EXERCISE DESCRIPTION:
No pictures, please. Output the lines from the start of the data through the line that contains "차량 뿐만 아니라 오토바이, 킥보드, 자전거", both included, exactly as they stand.

DATASET EXCERPT:
- Opening Delimiter -
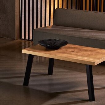 Prodám konferenční stolek s masivní dubovou deskou a bytelnou kovovou podnoží. Rozměry 100x60x45cm Deska natřená dvěma vrstvami Osmo
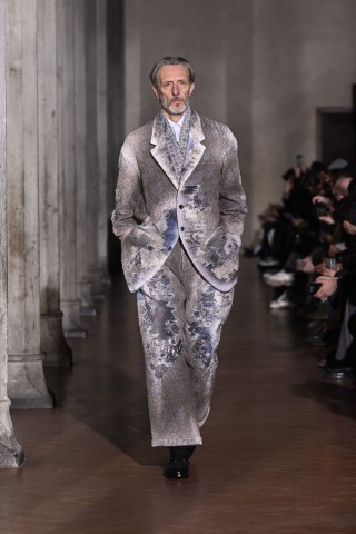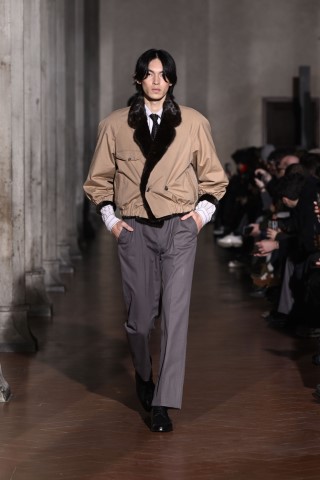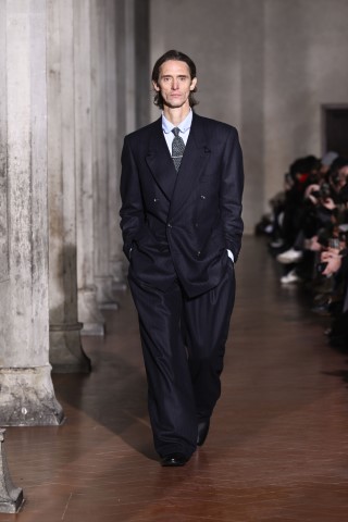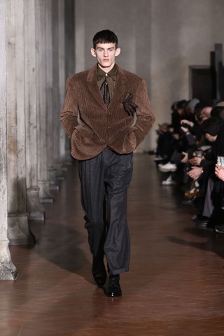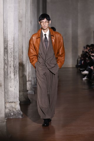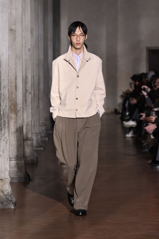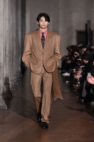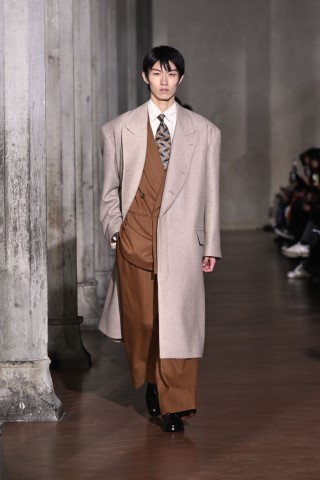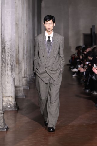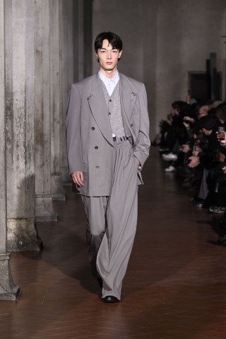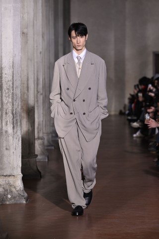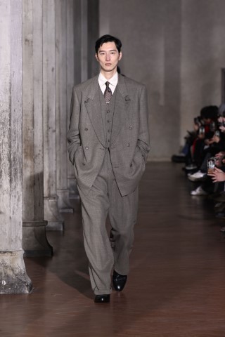 本季以「復刻菁英」為核心,將80年代日本泡沫經濟時期對「義大利製造」的崇拜,轉化為設計理念。核心為權力裝束的軟化,設計深受Giorgio Armani影響,重新詮釋80年代高階主管的衣櫥。灰、棕色系的雙排釦西裝與寬肩方正剪裁(Boxy cut),雖然承襲了當時的流行輪廓,卻透過誇張的比例與「卡通化」的再造,將傳統的生硬力量轉化為一種迷人的「脆弱感」,達成剛柔並濟的平衡。
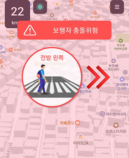 차량 뿐만 아니라 오토바이, 킥보드, 자전거 등 다양한 수단으로 부터 위험 알림을 제공합니다.
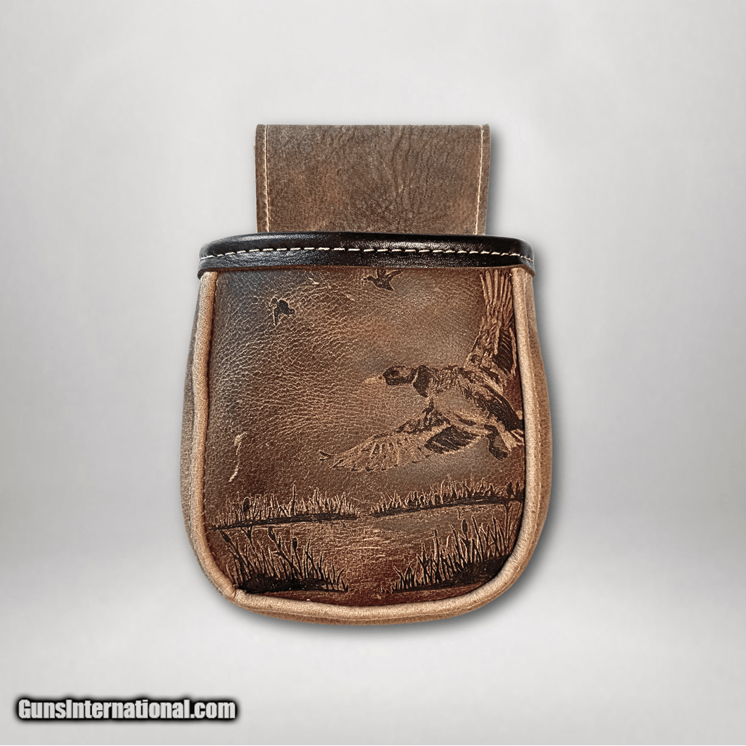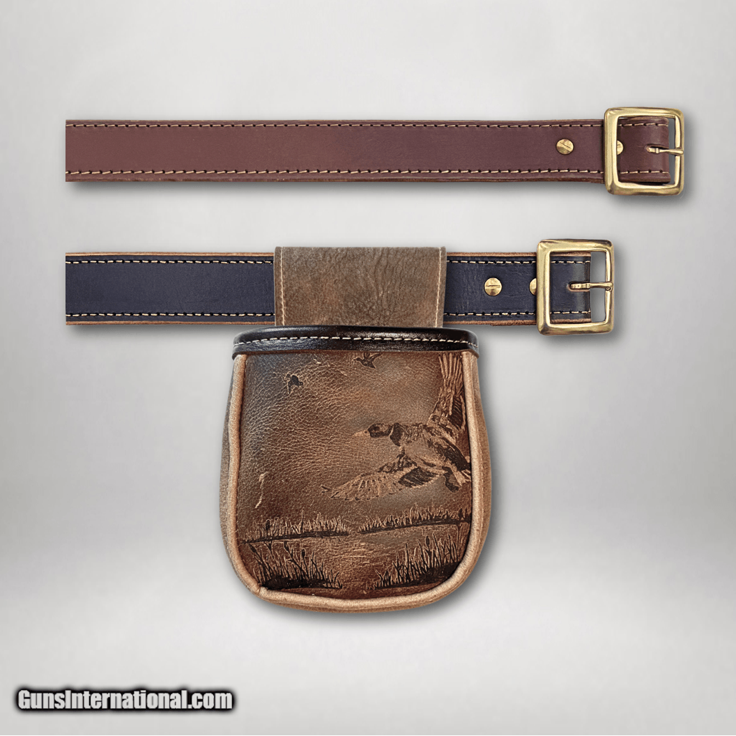 Description: WHAT MAKES LEATHER LINK STUDIO SHOTGUN SHELL BAG SO SPECIAL? It begins with our hand selected quality leathers, sourced from all over the world. You will find pure anilines, hair on hides and embossed leathers with one of a kind patterning. This makes your purchase special along with our attention to detail, beautiful design and affordable pricing. Leather Link products are completely unique…hand-crafted in High Point, North Carolina. “ONE OF A KIND…HANDMADE ONE AT A TIME This genuine Solid leather small shotgun shell bag pouch is accented by one of a kind hand grawn ar work . It is the perfect carrying case for sheet shooting or hunting. All rivets are solid brass and trimmed with leather binding. This case has one compartment ITEM: BB-194 Material: 100% Cowhide Leather with handdrawn custom art work Hardware: 100% Solid Brass Outside Dimensions: 6 1/2″ H x 6″ W x 2″ D Belt Information: TO GET THE BEST FIT ORDER WAIST SIZE + 2 This English Bridle leather isn't your ordinary leather. It's thick and hearty. It's stronger and thicker than anything you'll find in a department store. This particular belt is accented with heavy duty nylon stitching. These belts are made to order and crafted with our years of leather-working experience. Each belt is finished with a high grade leather polish to give it a beautiful sheen.
- Closing Delimiter -
WORKED SOLUTION:
 Prodám konferenční stolek s masivní dubovou deskou a bytelnou kovovou podnoží. Rozměry 100x60x45cm Deska natřená dvěma vrstvami Osmo
 本季以「復刻菁英」為核心,將80年代日本泡沫經濟時期對「義大利製造」的崇拜,轉化為設計理念。核心為權力裝束的軟化,設計深受Giorgio Armani影響,重新詮釋80年代高階主管的衣櫥。灰、棕色系的雙排釦西裝與寬肩方正剪裁(Boxy cut),雖然承襲了當時的流行輪廓,卻透過誇張的比例與「卡通化」的再造,將傳統的生硬力量轉化為一種迷人的「脆弱感」,達成剛柔並濟的平衡。
 차량 뿐만 아니라 오토바이, 킥보드, 자전거 등 다양한 수단으로 부터 위험 알림을 제공합니다.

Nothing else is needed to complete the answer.